I am trying to classify a fastq read file with MetaPhIan2 When I run MetaPhIan2, the result is 100% unclassified. Then I transform the fastq to fasta, run MetaPhIan instead, and I get a right classification (100% Cyanobacteria). I assume that there is some problem with the fastq file but do not know which one, since the fastq file is correct and works for assembly and bowtie mapping that I did externally. Any help will be appreciated. Thanks!
Hello,
Double check that your fastq data is in fastqsanger
format. This is the required fastq input format/content for Galaxy-wrapped tools. During Upload, this datatype is automatically assigned when "autodetect" is used and the data is a match for the quality score scaling.
If you are loading the data compressed and preserving that by directly assigning the compressed variation of the same datatype (fastqsanger.gz
), it may not really be in fastqsanger
format. You'll need to confirm that (run FastQC).

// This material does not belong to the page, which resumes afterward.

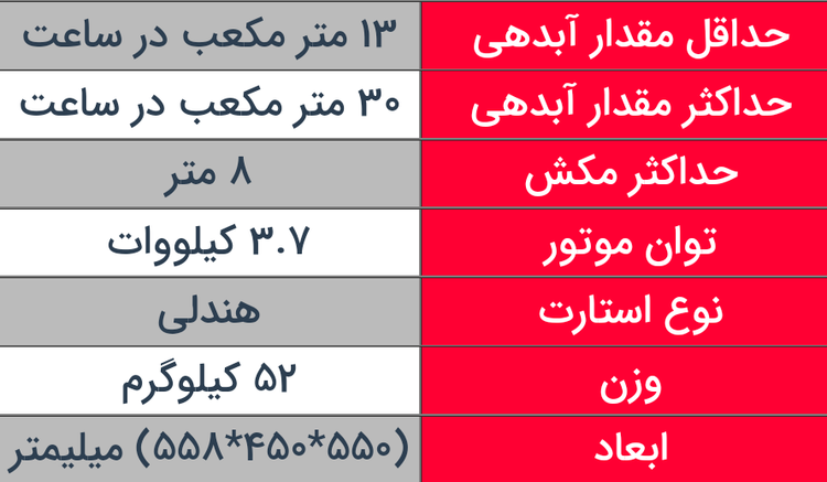 از این موتور برای انتقال آب تمیز و کثیف میتوان بهره برد و محدودیتی در این زمینه ندارد.

- Galaxy FAQs: https://galaxyproject.org/support >> https://galaxyproject.org/support/#getting-inputs-right
- Galaxy Tutorials: https://galaxyproject.org/learn/ >> https://galaxyproject.org/tutorials/ngs/
Thanks! Jen, Galaxy team
Dear Jen
Thank you for your response. When I run fastqc on my data, the format is "Sanger/Illumina 1.9". I am not getting any results both when loading the file specifying "fastqsanger" format or when autodetecting it.
Best,
Javier
If the reads are in fastqsanger, and FastQC doesn't show any data problems (low quality scores), then the next items to review are the parameters between the two runs.
These are different tool wrappers, and different versions of the underlying tool, but you should be able to map many parameters from one to the other. The default settings for one version of the tool may not be the default for the other version. Test out a few runs with different settings and see what results.

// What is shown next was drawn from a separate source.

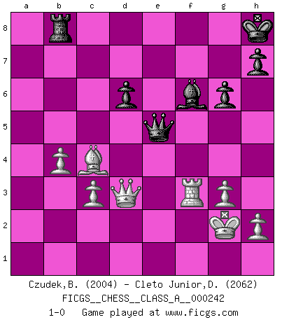Last move : 1-0 2021 March 8 11:0:0 [Event "FICGS__CHESS__CLASS_A__000242"] [Site "FICGS"] [Date "2021.01.09"] [Round "1"] [White "Czudek,Bohuslav"] [Black "Cleto Junior,Dirceu"] [Result "1-0"] [WhiteElo "2004"] [BlackElo "2062"] 1.e4 c5 2.Nf3 e6 3.d4 cxd4 4.Nxd4 Nf6 5.Nc3 Nc6 6.Ndb5 d6 7.Bf4 e5 8.Bg5 a6 9.Na3 b5 10.Nd5 Be7 11.Bxf6 Bxf6 12.c3 O-O 13.Nc2 Bg5 14.a4 bxa4 15.Rxa4 a5 16.Bc4 Rb8 17.b3 Kh8 18.Nce3 Ne7 19.O-O f5 20.Nxe7 Qxe7 21.Nxf5 Bxf5 22.exf5 Rxf5 23.Rxa5 g6 24.Rd5 e4 25.g3 Rxd5 26.Qxd5 e3 27.Kg2 Qe5 28.fxe3 Bxe3 29.Qd3 Bg5 30.b4 Bf6 31.Rf3 1-0 Sicilian : Anderssen variation Kingside Castling by player Black (move 12) Kingside Castling by player White (move 19) Player White won this chess game. Follow this game move after move (download)Help your pieces so they can help you. (Paul Morphy) Das Schach hält seine Meister in eigenen Banden, Fesseln; auf vielerlei Weise formt es ihren Geist, so dass die innere Freiheit selbst des Stärksten beeinflusst wird. (Albert Einstein) En el Ajedrez, tal como en la vida, las bendiciones de hoy pueden ser el veneno del mañana. (Assaic) Si le désir cupide (et stupide) de gagner est une inépuisable source de souffrance, une combinaison brillante sur l'échiquier est une découverte : le coquelicot qui s'épanouit lorsque apparaît la Voie Lactée. (Arrabal) The faster the computer, the slower the brain. (Thibault de Vassal)

Most if not all options are the same as when used line-command, so the tool manuals could be reviewed if you are not sure what each parameter does. If there is a setting(s) that filter results by quality score, length, etc -- make sure your data passes those thresholds or adjust them.
The possibility of a tool install/index problem is what to troubleshoot if you can't get hits. You could report the "no hit" results to the administrators of the server you are working on. Send either a bug report (if active there) or a direct email - check the homepage of the server for contact information.